Quote all of the data that follows exactly as written, skipping the images.

## Given information
====
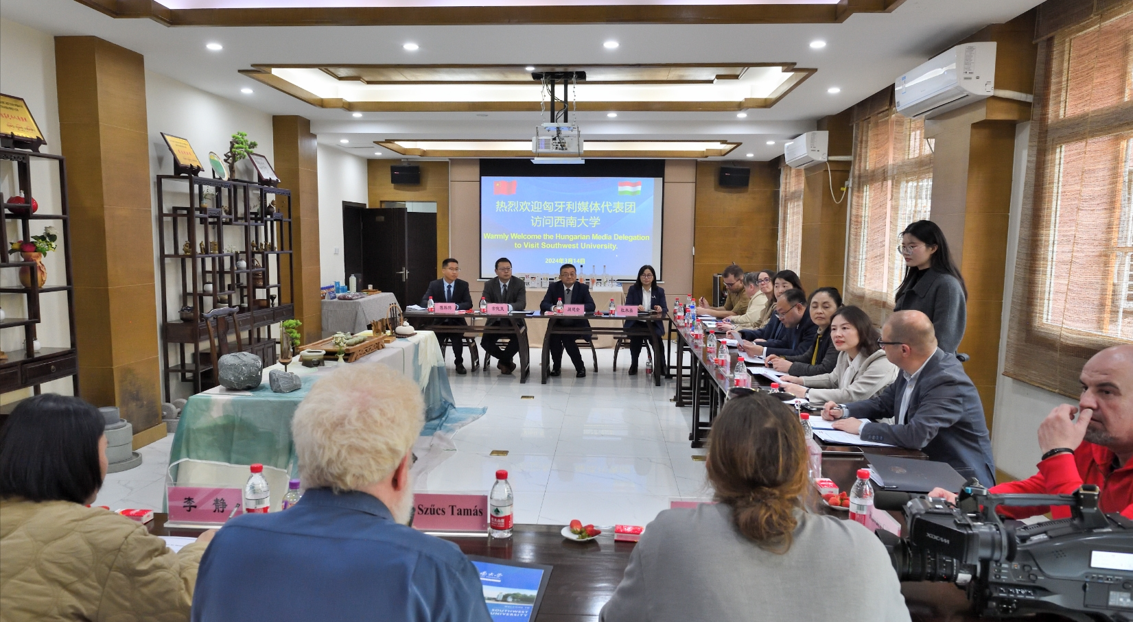 3月14日,由匈牙利驻重庆总领馆带领的匈牙利M1电视台等6家媒体代表团一行10人访问我校,报道学校与匈牙利农业与生命科学大学共同成立的“中匈食品科学合作研究中心”(以下称“中心”)建设情况,提升中心在匈牙利的知名度和影响力。学校党委宣传部、国际合作与交流处、科学技术处等单位联合参与接待。
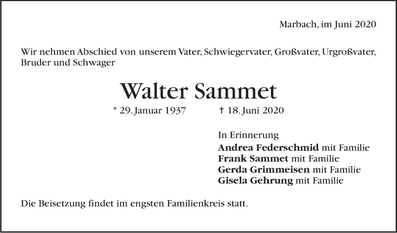 Hier finden Sie alle Traueranzeigen aus der Zeitung, die bisher für Walter Sammet erschienen sind. Weitere Traueranzeigen, die in der Zeitung erscheinen, werden hier ebenfalls aufgelistet
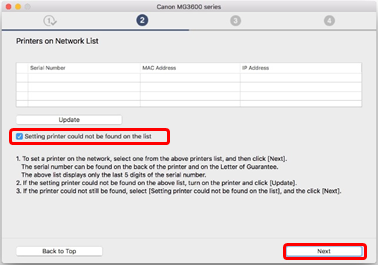 12. Kontroller at [Setting printer could not be found on the list] (Skriveren som blir konfigurert, ble ikke funnet i listen) er valgt, og klikk deretter på [Next] (Neste).
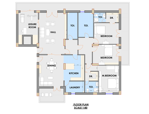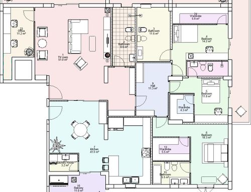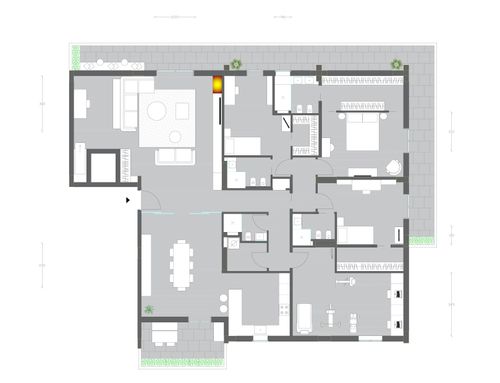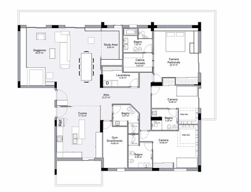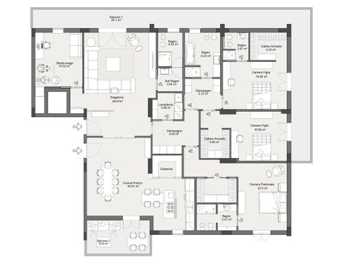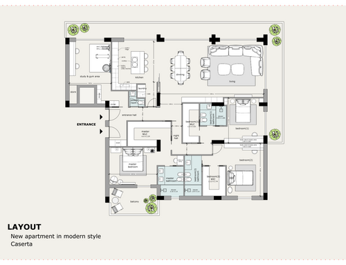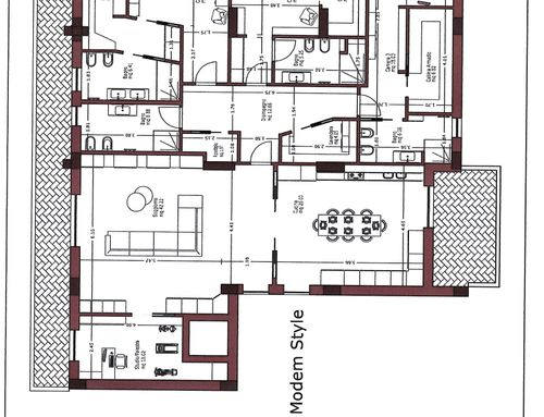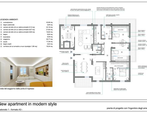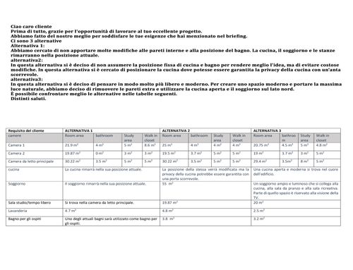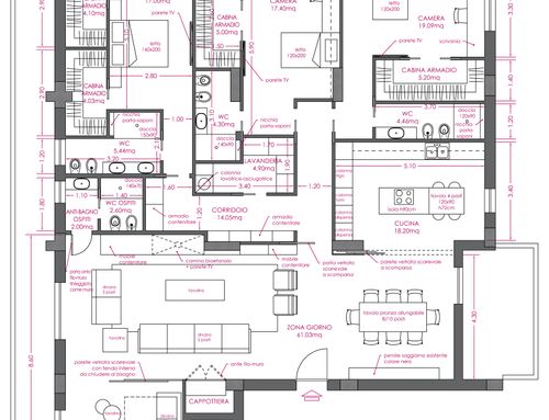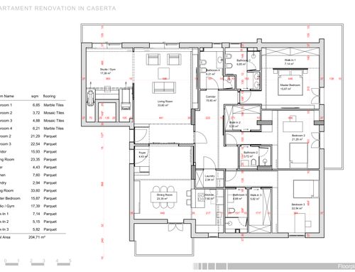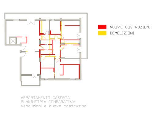 Hello everyone, my wife and I are the owners of an apartment of about 215 net square meters on the third floor of an apartment building in the center of Caserta. The construction dates back to the 90s and it is our intention to completely renovate it in a modern style before going to live there. The house has large bedrooms (3), two of which are very large and one smaller. Our idea is to make the sizes of these rooms more uniform and to add a walk-in closet and, if possible, a bathroom in each room. For the walk-in wardrobes we have evaluated that the space available to each room should not be less than 5 square meters, all of which can be used at full height. For the bathrooms, on the other hand, if the singles in the room are too small, we also evaluate the possibility of having three bathrooms in total, including the one for guests who must, in each solution, maintain its own independence from the sleeping area, serving instead of that day, not spread out in the rooms, each with large showers. Furthermore, one of our needs is to obtain from this apartment a laundry and a study / leisure area dedicated to my wife and me that can contain both the desk with the PC and some small sports equipment. As for the style, we love a modern, bright style, with colors more towards the clear and possibly false ceilings for lighting and air conditioning. In general we like home automation and everything that is automation. We do not have a particularly large budget and would prefer to implement a renovation that can be completed in stages over time without sacrificing the validity and beauty of the renovation project itself. Our family consists of four people including a boy of 13 and a girl of 10. As for the living area, currently the apartment is structured with a large kitchen connected to the living room through a large sliding glass door that guarantees the privacy of the kitchen itself which is also equipped with its own independent entrance door, while the other entrance door opens right into the room. We like the idea of maintaining this conformation, not disdaining to obtain the possible study area in a part of the room, perhaps creating some opening on the north side. Obviously we also evaluate other solutions that you will want to offer us while maintaining a large kitchen that is smile in some way from the dining room area but that can become a whole when needed. To you technicians the feasibility analysis!
====
## Exercise result
 3月14日,由匈牙利驻重庆总领馆带领的匈牙利M1电视台等6家媒体代表团一行10人访问我校,报道学校与匈牙利农业与生命科学大学共同成立的“中匈食品科学合作研究中心”(以下称“中心”)建设情况,提升中心在匈牙利的知名度和影响力。学校党委宣传部、国际合作与交流处、科学技术处等单位联合参与接待。
 Hier finden Sie alle Traueranzeigen aus der Zeitung, die bisher für Walter Sammet erschienen sind. Weitere Traueranzeigen, die in der Zeitung erscheinen, werden hier ebenfalls aufgelistet
 12. Kontroller at [Setting printer could not be found on the list] (Skriveren som blir konfigurert, ble ikke funnet i listen) er valgt, og klikk deretter på [Next] (Neste).
 Hello everyone, my wife and I are the owners of an apartment of about 215 net square meters on the third floor of an apartment building in the center of Caserta. The construction dates back to the 90s and it is our intention to completely renovate it in a modern style before going to live there. The house has large bedrooms (3), two of which are very large and one smaller. Our idea is to make the sizes of these rooms more uniform and to add a walk-in closet and, if possible, a bathroom in each room. For the walk-in wardrobes we have evaluated that the space available to each room should not be less than 5 square meters, all of which can be used at full height. For the bathrooms, on the other hand, if the singles in the room are too small, we also evaluate the possibility of having three bathrooms in total, including the one for guests who must, in each solution, maintain its own independence from the sleeping area, serving instead of that day, not spread out in the rooms, each with large showers. Furthermore, one of our needs is to obtain from this apartment a laundry and a study / leisure area dedicated to my wife and me that can contain both the desk with the PC and some small sports equipment. As for the style, we love a modern, bright style, with colors more towards the clear and possibly false ceilings for lighting and air conditioning. In general we like home automation and everything that is automation. We do not have a particularly large budget and would prefer to implement a renovation that can be completed in stages over time without sacrificing the validity and beauty of the renovation project itself. Our family consists of four people including a boy of 13 and a girl of 10. As for the living area, currently the apartment is structured with a large kitchen connected to the living room through a large sliding glass door that guarantees the privacy of the kitchen itself which is also equipped with its own independent entrance door, while the other entrance door opens right into the room. We like the idea of maintaining this conformation, not disdaining to obtain the possible study area in a part of the room, perhaps creating some opening on the north side. Obviously we also evaluate other solutions that you will want to offer us while maintaining a large kitchen that is smile in some way from the dining room area but that can become a whole when needed. To you technicians the feasibility analysis!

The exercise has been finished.